Movement and Stability.

Bishop Robert at St Silas, Kentish Town.

And at their daughter church earlier this year.

Bishop Robert at All Saints North Street, York.

I am using my lunch break today to communicate with you the news that Bishop Robert Ladds, Bishop of Whitby, is resigning his post at the end of this year and returning to parish ministry. Thank you to Father Oliver Coss who broke the news to a stunned world. This is interesting news. The official blerb can be found on the York Archdiocese website, but we are conscious that Bishop Robert, who has done such a wonderful job for so many years, is one of the few non-PEV Bishops 'we' have in the Church, and his departure is a significant one. With the future of the PEV system in doubt, this news could hit us harder than we expect. We must pray for a fair and generous appointment as successor. It seems as well that there is to be an excellent Diocesan appointment soon. I can speak from experience when I say that Our Lady of Lourdes can put all our problems into perspective.

Further news, of course, came from Damien's Attic this weekend, as wonder-blogger Damien Thompson (who is also breaking significant news about going on in the RC Diocese of Leeds, see his link at the side) expounds, via the usual medium of the Sunday Telegraph, 'news' of an improvement to the decisions taken during the last Synod. These are unsubstantiated at present and there have been many similar stories ever since the fateful day. It is, if true, movement, and movement in a positive direction, and evidence of serious thought as to our welfare. For this, it is to be applauded. I would like to see conversation turning to Walsingham, that independent shrine with an Episcopal Administrator with much ministry left in him and the resources to turn the college into a College.
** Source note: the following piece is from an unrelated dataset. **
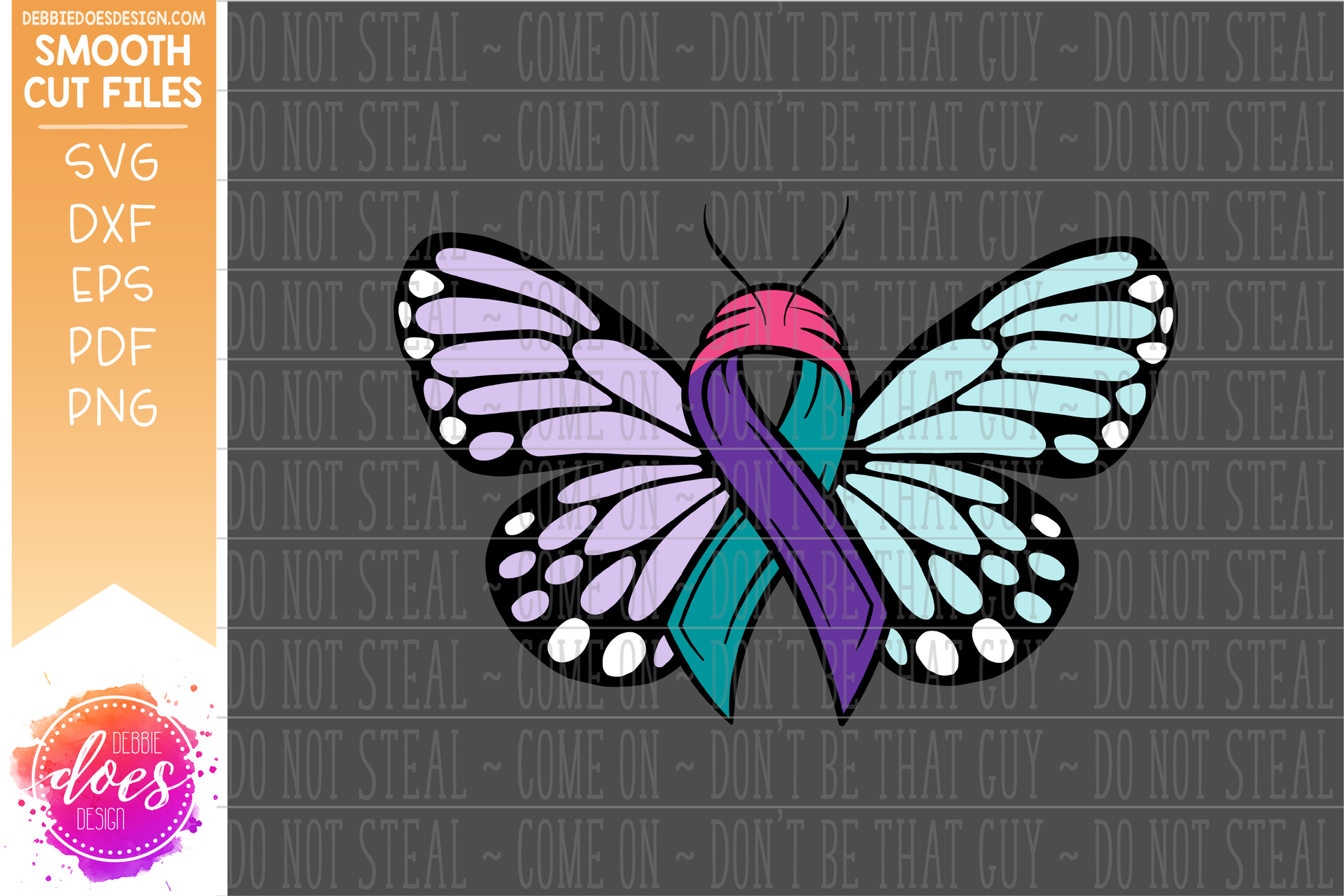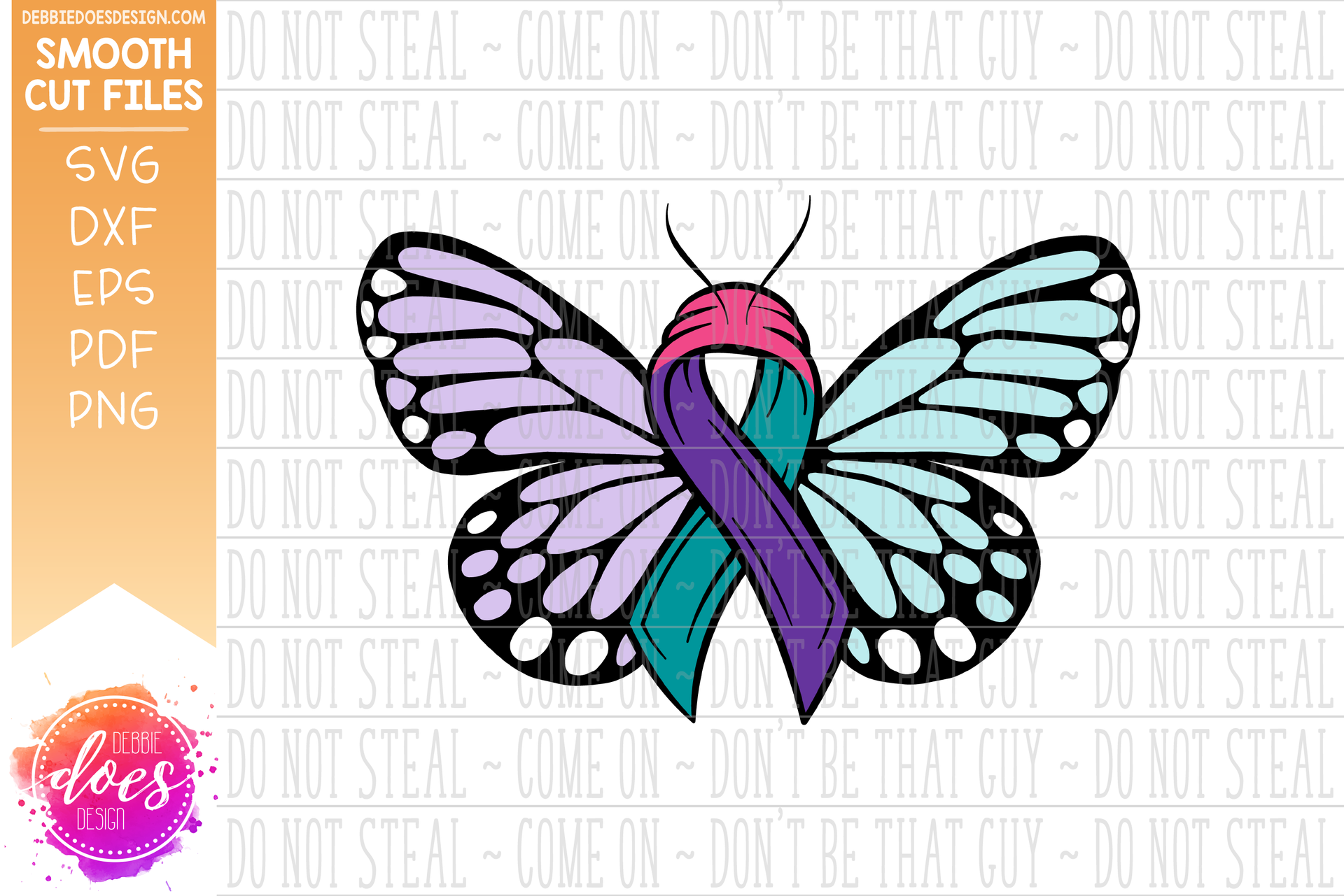 Awareness Ribbon Butterfly - 3 Color - SVG File

I have a meeting on Wednesday which will begin to answer the question of Curacies for me, a decision has been made by your scribe and we pass onto the next level. Rather like snakes and ladders, in many ways.

Is there a sense that things are going to change? There is certainly an increased sense of evangelisation of the faith we hold, which is sounding more relevant to the people we serve. That is a green shoot of a new movement of renewal and evidence of our faith. There is the increased realisation that ECUSA is setting an example which only a few die hard liberals in this country want to follow. You know the names and the pack drill, those few who write letters and publish articles which make no attempt to address the questions being raised, just to pull on heart strings and to continue turning the Church of God into a battleground. Shame on them. There is also a sense that something must be done, whatever that something is. We will know, I think, by next Summer which way the future lies. A daunting prospect for all of us, but we follow the Lord, we are many, we are strong and we are, in the face of insuperable odds, growing. Therefore the Lord is at work within us. We must hope that the changing mood of the senior Bishops of the Church prevails and is not drowned out by the wailing of the neo-reformers who seem not to realise that, day by day, they devalue their cause. They have been exposed and the stench is overpowering.